[Excerpts from a dataset]
------------------------------------------------------------
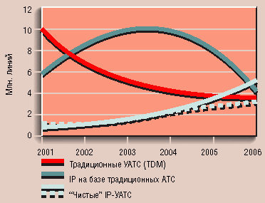 TDM-телефонии, по данным за 2001 г., в США принадлежит три четверти рынка общим объемом около 10 млн. портов в год (74%), чистой IP-телефонии - 10% и конвергентным решениям, IP поверх TDM, - 16%. По его прогнозам, 2003-2004 гг. пройдут под знаком роста продаж IP-портов на базе традиционных АТС и только затем начнется снижение доли IP/TDM и победоносное шествие чистого IP. Более того, у классической TDM-телефонии всегда сохранится своя ниша. Это аналоговая телефония, центры обработки вызовов по работе с населением, экстренные службы и многие другие специфические области применения, в которых никогда не будет широкополосных каналов связи.
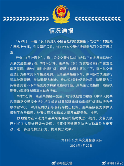 ·女子闖紅燈不接受處罰被交警拽下車???诮痪▓?bào):執(zhí)法不規(guī)范。
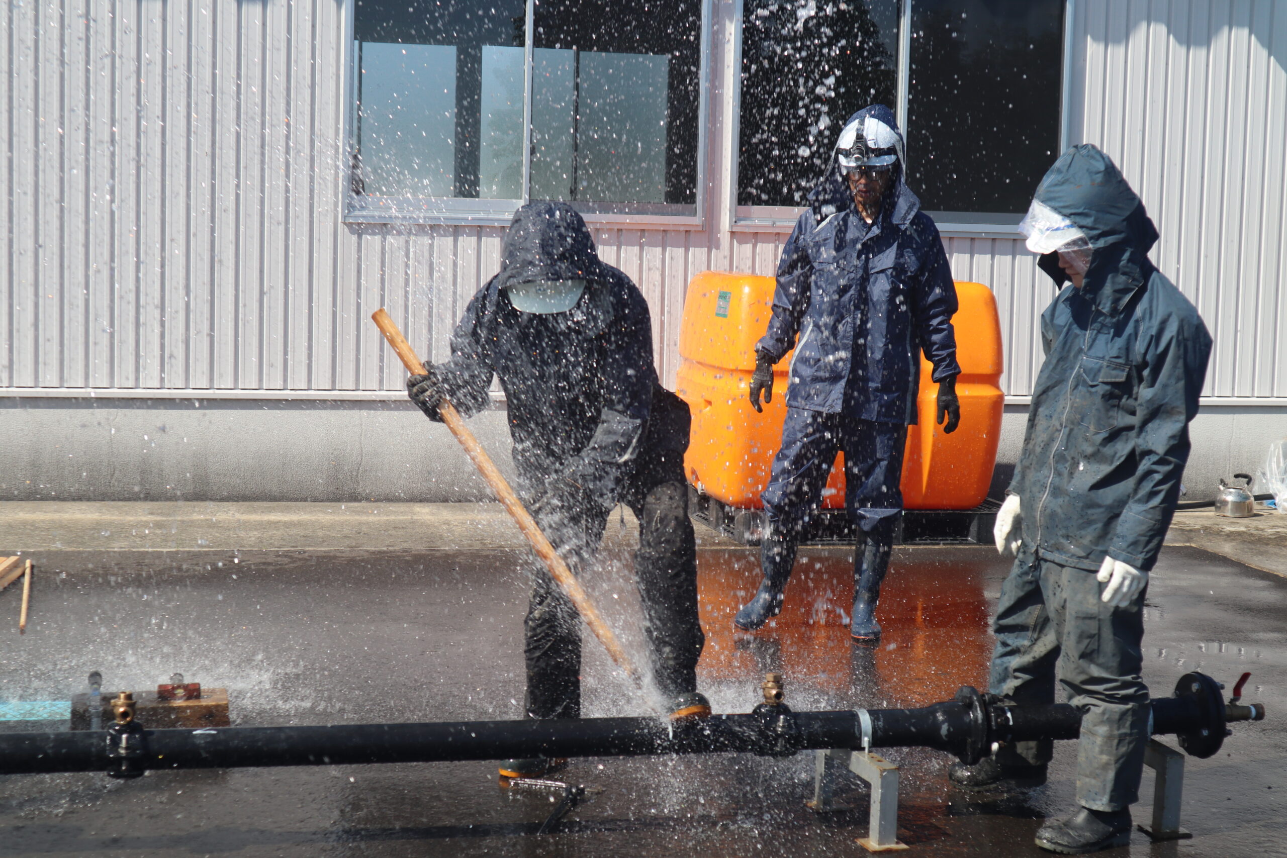 組合7社(9名)が参加し試験同様に水圧をかけ、サドル付き分水栓の穿孔を行いました。
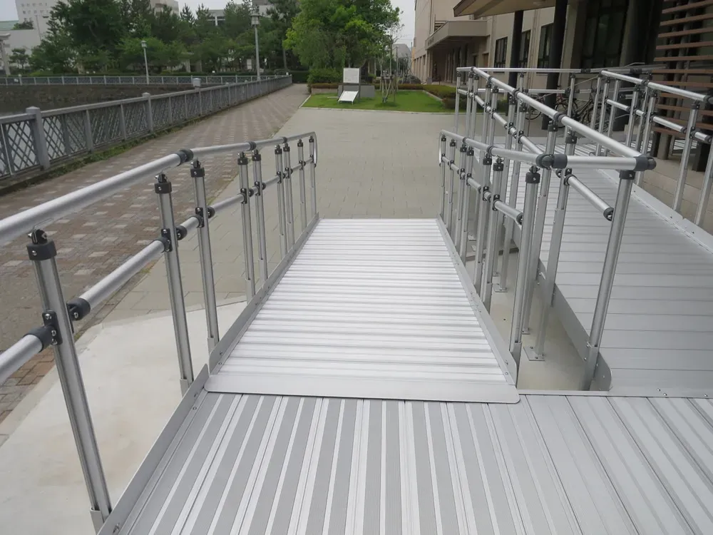 福井市 順化公民館の外階段、手すり付き組上げスロープで段差解消
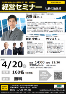 ※本セミナーは三井住友海上あいおい生命保険株式会社主催の法人経営者様向けセミナーです。
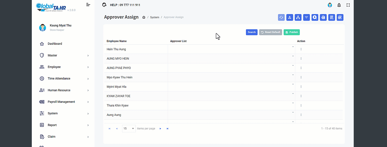 Remark: Approver များသည် Employee List ထဲမှာ ရှိပြီးသူများသာ ပြန်လည် သတ်မှတ်နိုင်မည်ဖြစ်ပါသည်။
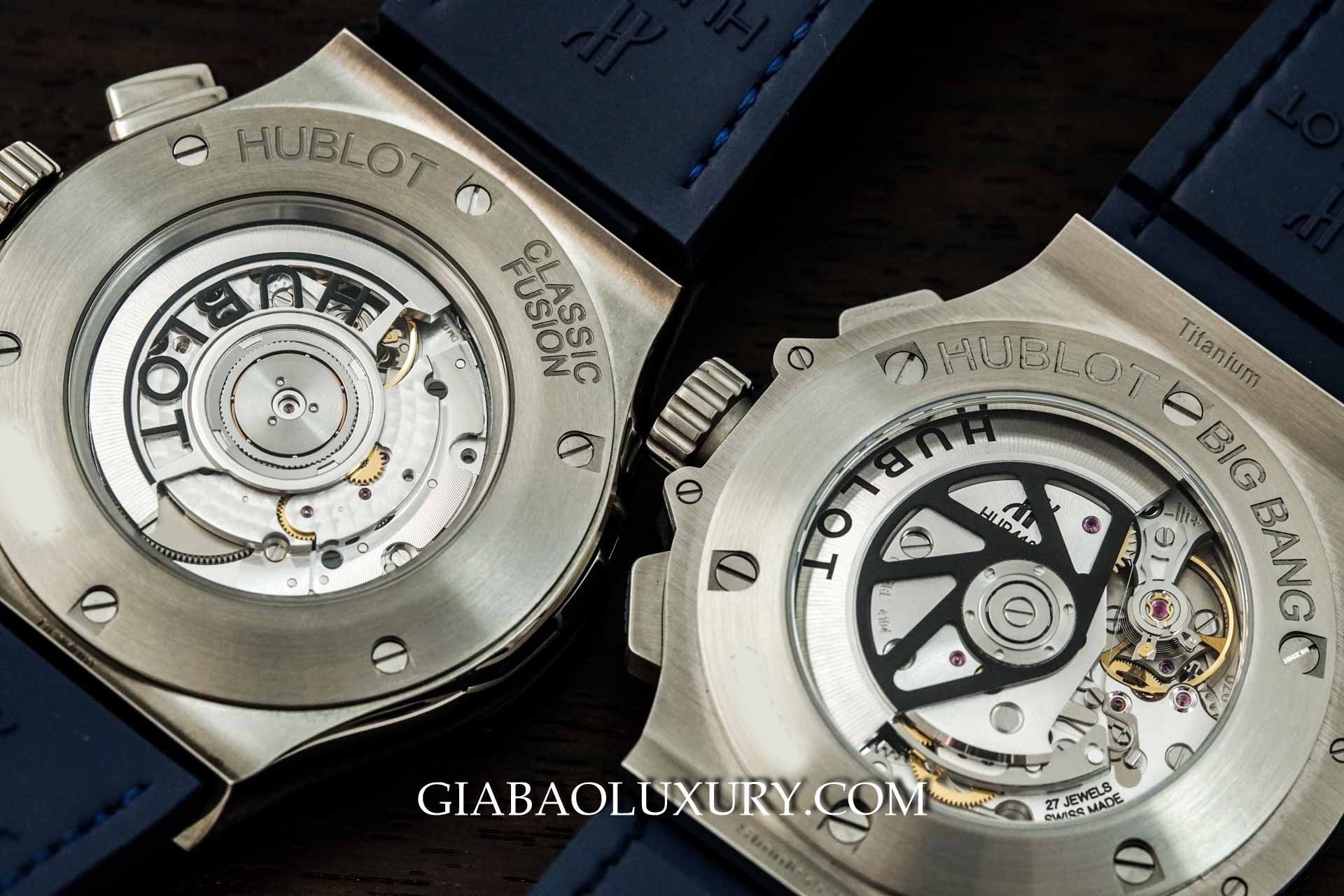 Cả hai đều là bộ máy tự động, có khả năng chung cấp năng lượng cho đồng hồ hoạt động chính xác trong vòng 44 giờ khi được lên cót đầy đủ. Đặc biệt, Hublot đều trang bị cho cả hai mẫu Hublot Big Bang Chronograph ref. 301.SX.7170.LR cũng như Hublot Classic Fusion Chronograph ref. 521.NX.7170.LR lớp kính sapphire chống trầy xước tốt phía nắp lưng, nên việc xem bộ máy bên trong là điều vô cùng dễ dàng.
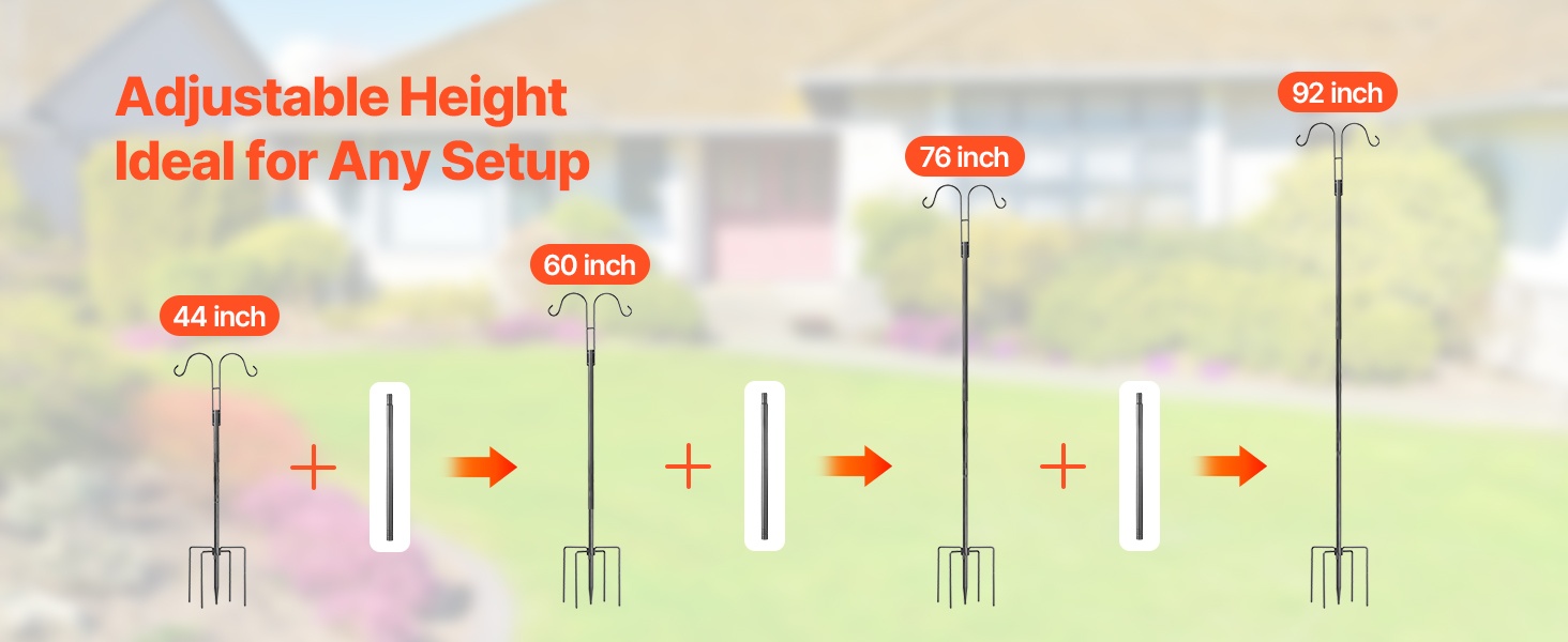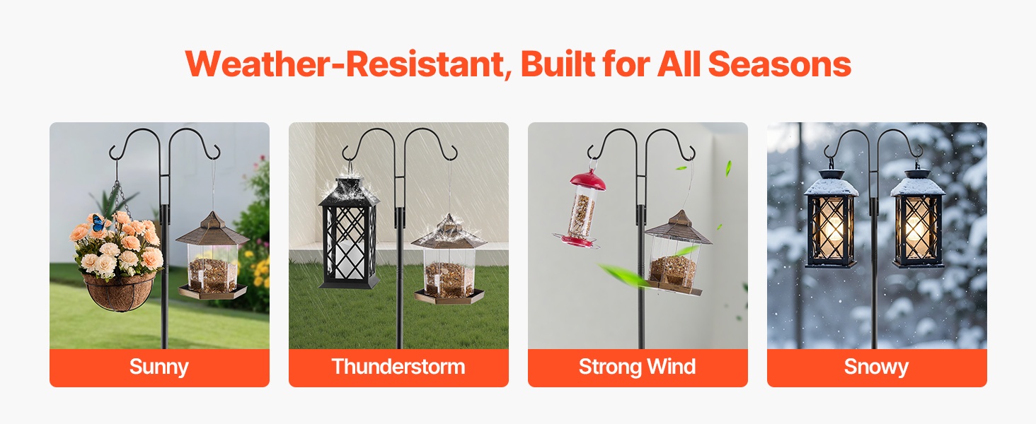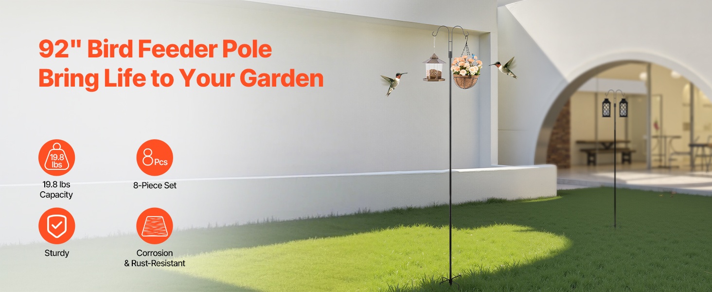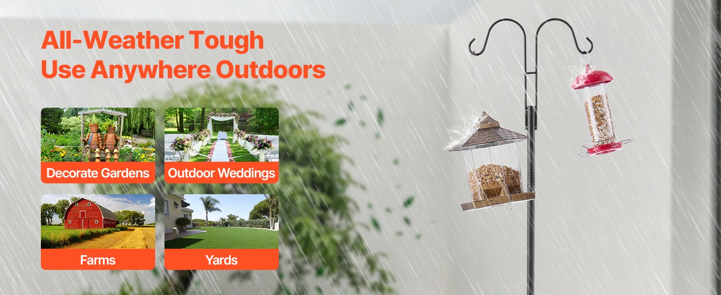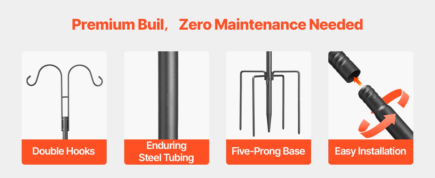Paalu on valmistettu lujista teräsputkista, mikä parantaa vakautta ja kestävyyttä. Säänkestävä pinnoite auttaa estämään ruostetta ja kulumista ympäri vuoden. Korkeuden säätö mahdollistaa käyttötarkoituksen muuttamisen helposti, esimerkiksi lintujen ruokinnasta puutarhavalojen ripustamiseen.
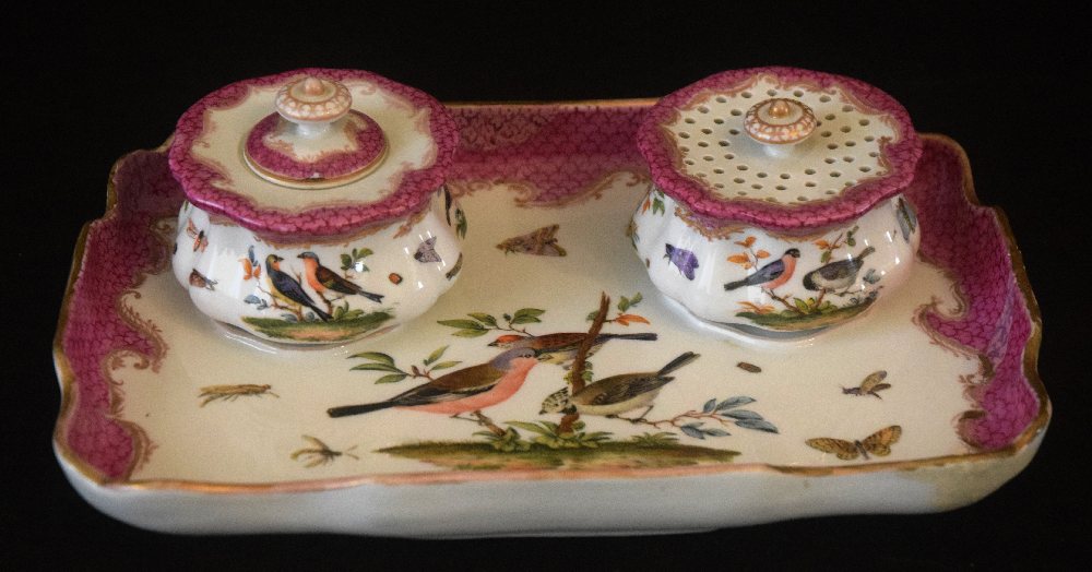DRESDEN porcelain standish with 2 pots, painted with birds (d )
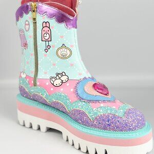 Details: From the Irregular Choice x Sanrio Hello Kitty collection, these Just Be You statement boots are bursting with playful details: striped pastel uppers, glitter scallop trims, a chunky white platform sole, and a framed Hello Kitty portrait surrounded by heart gems and pearls. With whimsical accents like mini faux pockets and metallic panels, this rare collab pair is a true show-stopper. Extremely hard to find, especially unworn.
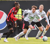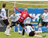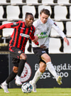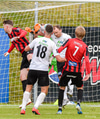 Kwamer fær hann og kemur með fyrirgjöf en Nielsen grípur boltann.
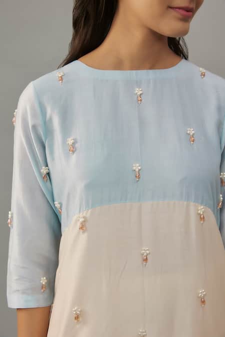 Ivory kurta featuring boat neck and three quarter sleeves with hand embroidery of pearls. Paired with a matching palazzo featuring an elasticated waistband.
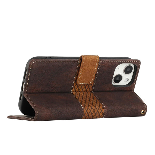For iPhone 13 mini Grid Stitching Leather Phone Case with Lanyard(Brown)
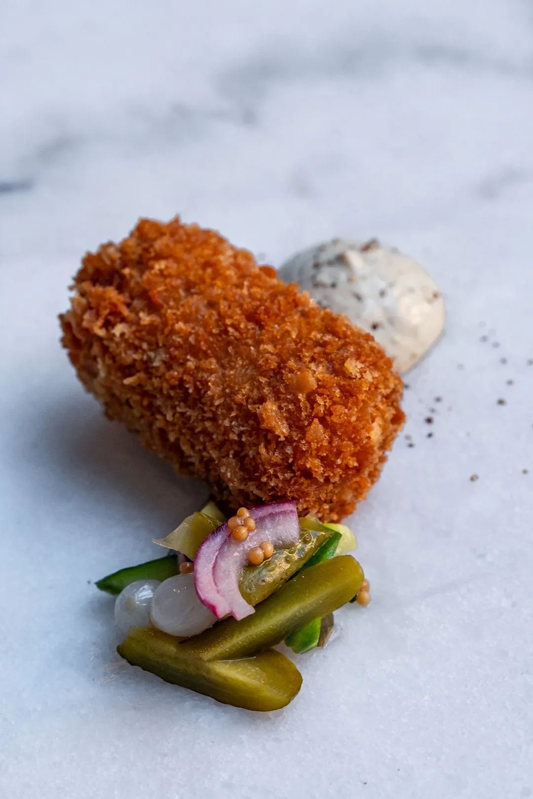 The beef used for the salpicon of this croquette is nicely selected shoulder cuts, slowly cooked in a powerful oxtail broth. The power of our meat croquette is enhanced by a combination of truffle mayonnaise and fresh pickle mix.
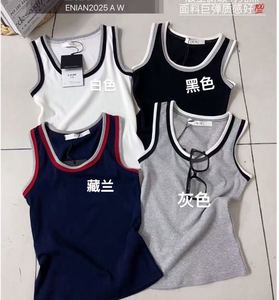 66031#韩版U领撞色设计感无袖吊带背心2025新款潮流百搭打底上衣
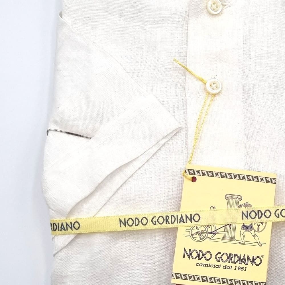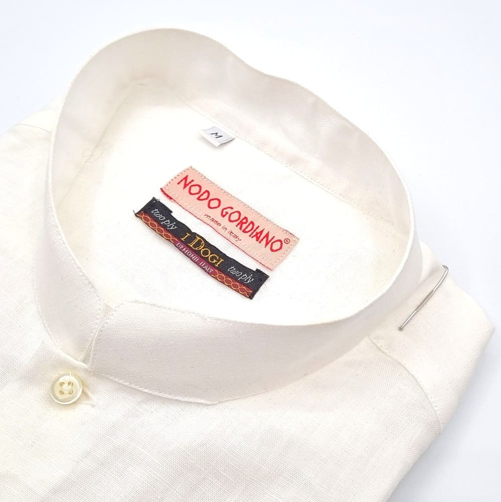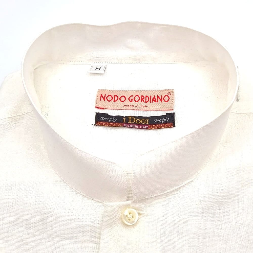 Camicia bianca con collo coreano originale, mezza manica, 100% lino egiziano Superior.
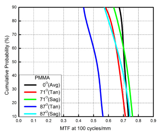 Cumulative probability vs. modulation transfer function (MTF) for fisheye lenses using a polymethyl methacrylate (PMMA) aspherical lens. For the cumulative probability of 90%, the tangential MTF values at the half field of view for the 0°, 71°and 87°cases correspond to 0.67, 0.58, and 0.43, respectively.
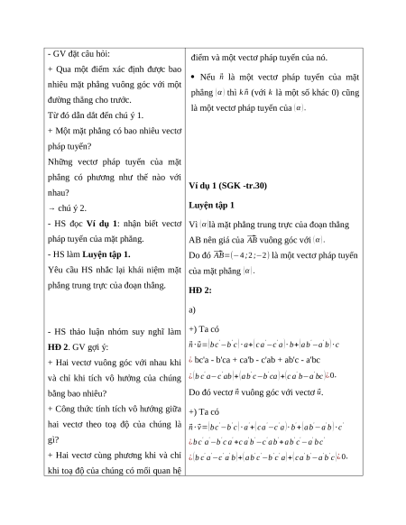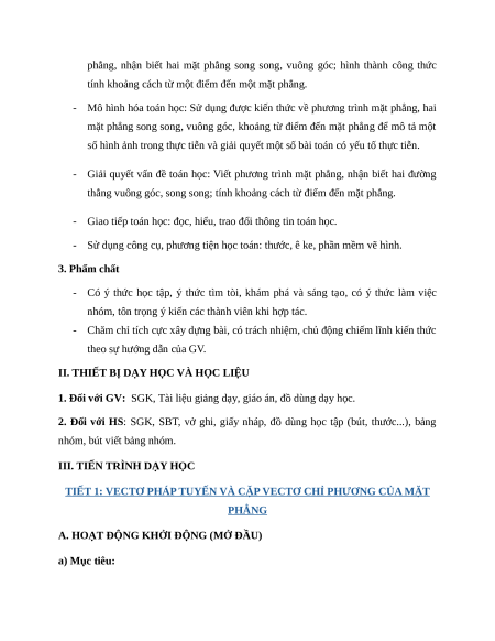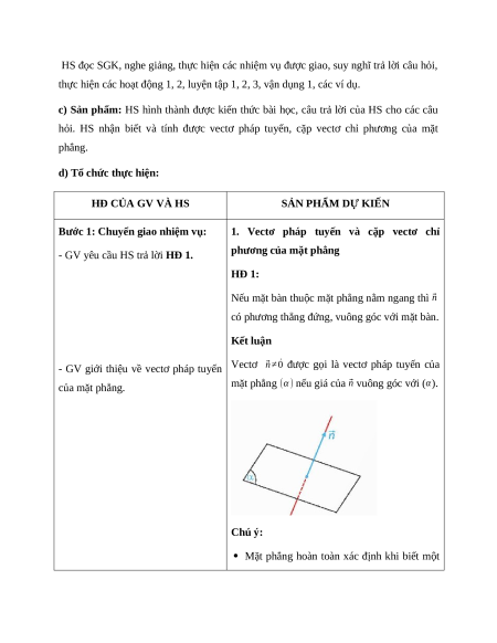 - Nhận biết vectơ pháp tuyến và cặp vectơ chỉ phương của mặt phẳng. b) Nội dung:
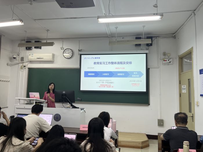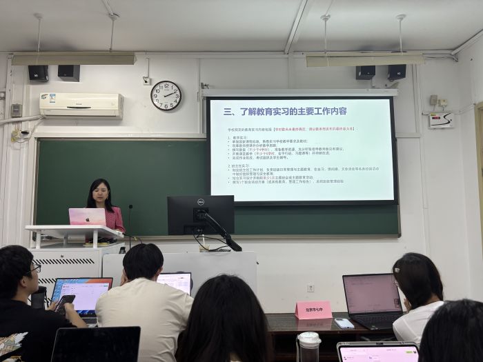 2025年6月4日,为切实提升金牌影院 2022级本科师范生的教育实践能力,帮助同学们顺利完成从学生到实习教师的角色转换,掌握必备的实习规范与核心技能,金牌影院 本科师范方向团队陈师韬老师于教二103举办了2025年教育实习岗前培训。金牌影院 乔志宏书记,师范方向团队负责人刘艳老师及部分教育实习指导老师现场参与,金牌影院 共53名同学参加本次培训。
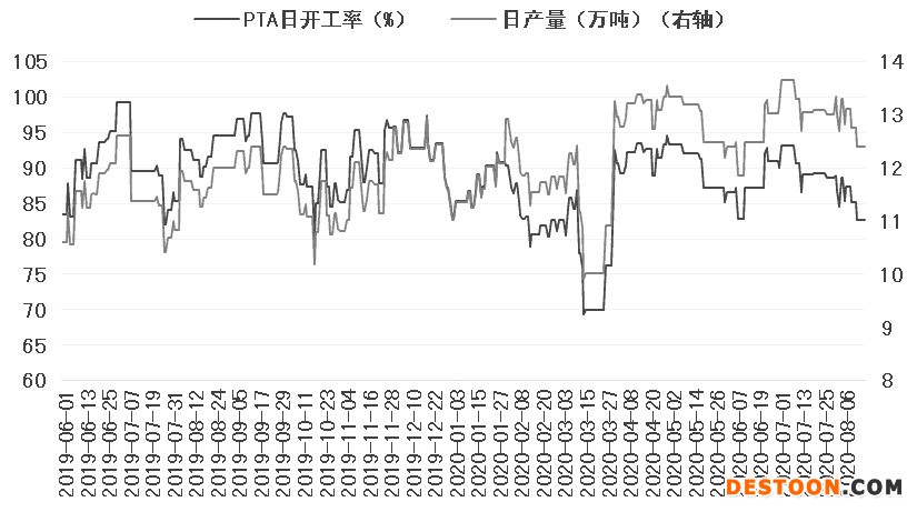 2020年7月末至8月初,寧波臺(tái)化等5套共計(jì)487.5萬(wàn)噸/年產(chǎn)能PTA裝置停車檢修,福海創(chuàng)450萬(wàn)噸/年裝置亦降負(fù)至七成運(yùn)行,國(guó)內(nèi)PTA日度開(kāi)工率出現(xiàn)明顯下降。截至8月17日,國(guó)內(nèi)PTA裝置開(kāi)工率為82.64%,環(huán)比7月同期下降6.44個(gè)百分點(diǎn)。
------------------------------------------------------------
> What the task requires
What is needed is an exact retyping of the lines from the start of the data through the line with "Remark: Approver များသည်", with both end lines kept and every picture left out.

> Exercise answer
 TDM-телефонии, по данным за 2001 г., в США принадлежит три четверти рынка общим объемом около 10 млн. портов в год (74%), чистой IP-телефонии - 10% и конвергентным решениям, IP поверх TDM, - 16%. По его прогнозам, 2003-2004 гг. пройдут под знаком роста продаж IP-портов на базе традиционных АТС и только затем начнется снижение доли IP/TDM и победоносное шествие чистого IP. Более того, у классической TDM-телефонии всегда сохранится своя ниша. Это аналоговая телефония, центры обработки вызовов по работе с населением, экстренные службы и многие другие специфические области применения, в которых никогда не будет широкополосных каналов связи.
 ·女子闖紅燈不接受處罰被交警拽下車???诮痪▓?bào):執(zhí)法不規(guī)范。
 組合7社(9名)が参加し試験同様に水圧をかけ、サドル付き分水栓の穿孔を行いました。
 福井市 順化公民館の外階段、手すり付き組上げスロープで段差解消
 ※本セミナーは三井住友海上あいおい生命保険株式会社主催の法人経営者様向けセミナーです。
 Remark: Approver များသည် Employee List ထဲမှာ ရှိပြီးသူများသာ ပြန်လည် သတ်မှတ်နိုင်မည်ဖြစ်ပါသည်။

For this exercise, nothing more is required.